Богомолов вздрогнул и принужденно улыбнулся.
— Нервы это у вас, Харитон Ионыч.
— Нервы? По-твоему — нервы. По-моему — душа болит. Душа тоскует. По свободе плачет. По непродажному творчеству. Вот что…
Дверь отворилась, и в комнате появилась Евфросинья Андреевна. Она внесла на жалком черном, облезшем подносе бутылку водки, две рюмки, порезанный ломтями соленый огурец на блюдечке, два ломтя черного хлеба.
Тулупов, молча, налил дрожащею рукою рюмку водки, выпил ее, не закусывая, налил другую и для Богомолова.
Молодая женщина тихо вышла, словно выскользнула из комнаты.
Тулупов проводил ее тупым, холодно враждебным взглядом.
— Ушла? Ну, пей! Я тоже выпью… Да, так о чем мы с тобою говорили? О том, что… Впрочем, ну его к дьяволу!.. Я еще выпью. Пей и ты. Не хочешь? Напрасно. Впрочем, тебе виднее. Ты, должно быть, от немца родился. Цирлих-манирлих, ганц аккурат. Если и нашкодишь, то — цирлих-манирлих, ганц аккурат… Пакость кому-нибудь сделаешь, цирлих-манирлих, ганц аккурат… Но черт с тобою! Да! Ты хотел показать, что ты написал сегодня, какую чепуху? Покажи, покажи!.. Ага. Ну, вот, ну, да… Только идиоты так пишут. Да ученики академии! Ну, да… Мумия тебе понадобилась? Ах, ты!.. Да я тебе сколько раз говорил, что мумию ты выкинуть должен? В печку! К черту ее. И бейншварц, и графит туда же! А это что? Ты не видишь, что тут у тебя на лице получилось зеленое пятно? Пойми: зеленое пятно! На роже! Не у трупа. Да, да. Знаю: ты зелени не брал. И ее нету тут в действительности. Но рефлекс… А ты мог его предвидеть… Вот, гляди. Это — к черту. Это — туда же! Так. Дай краплак золотистый! Дай японскую желтую. Белил еще. Не жалей белил. Ими крыши можно красить. А уж подоконники — наверное… Вот, смотри…

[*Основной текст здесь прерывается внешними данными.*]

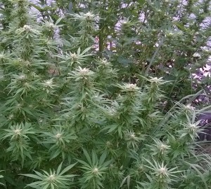 De buds aan mijn buitenwiet beginnen nu wel aardig zwaar te worden, zeker als ze een beetje nat zijn van een regenbui. En toen de wind er dan ook nog stevig tegenaan blies, hingen er toch een paar toppen naar beneden in plaats van omhoog. En omdat je een wietplant geen viagra kunt geven, heb ik een paar bamboestokken in de grond gestoken en een rekje gemaakt zodat de toppen nu weer netjes omhoog staan zoals het hoort.
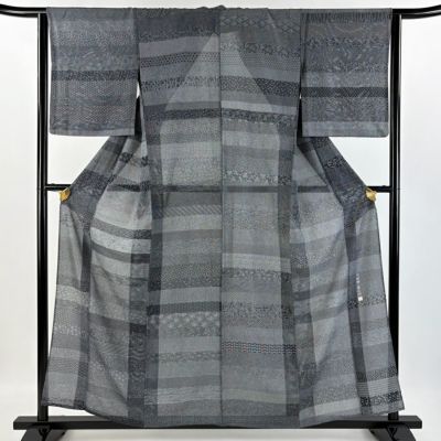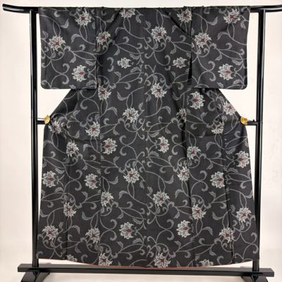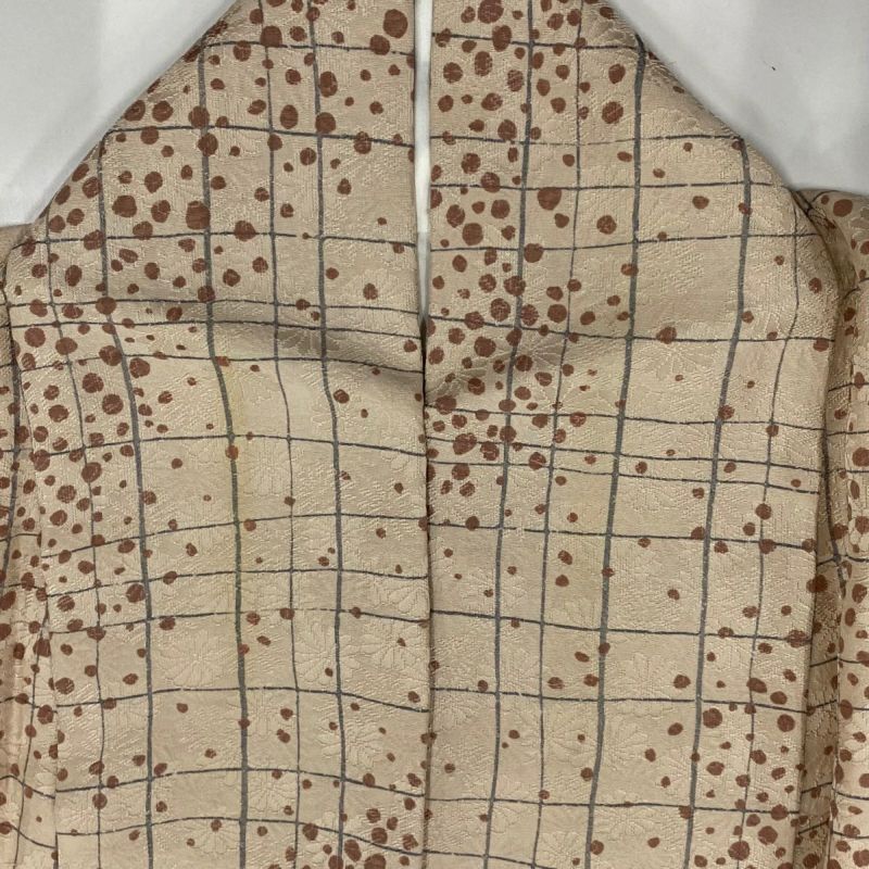 【着物ランク】名品 【素材】正絹 【身丈】約157.5cm 【裄丈】約65.5cm 【袖丈】約48.5cm 【袖幅】約33.5cm 【前幅】約25cm 【後幅】約29.5cm 【サイズ】M 【着物仕立て】袷 【着用時期】10~5月 【状態ランク】ランクB 【着物着用シーン】気軽なパーティー、観劇、食事会、正月、気軽なお茶会、街着

И Тулупов небрежными мазками покрывал записанное этюдно Богомоловым лицо.
— Вот тут и тут. Глаза? Разве у тебя глаза? Черносливы! Мы их так… И так еще…
Затаив дыхание, Богомолов глядел на работу старика. Теперь он видел, до чего неудачно было все, что он сегодня сделал, сколько грубых ошибок он допустил. Со щеки исчезло волшебством противное зеленое пятно, хотя Богомолов и не дотронулся кистью до щеки, а только мазнул чем-то по фону. Глаза засветились жизнью. Губы вдруг сложились в полузастывшую улыбку.
— Ну, видел? Вот как надо писать! — сказал старик, отходя от мольберта и бросая в сторону прямо на пол грязную кисть. — А теперь забирай свой ящик, свою мазню и можешь убираться… Постой! Ты что-то про дело говорил? Выпей рюмку, закуси огурцом, рассказывай.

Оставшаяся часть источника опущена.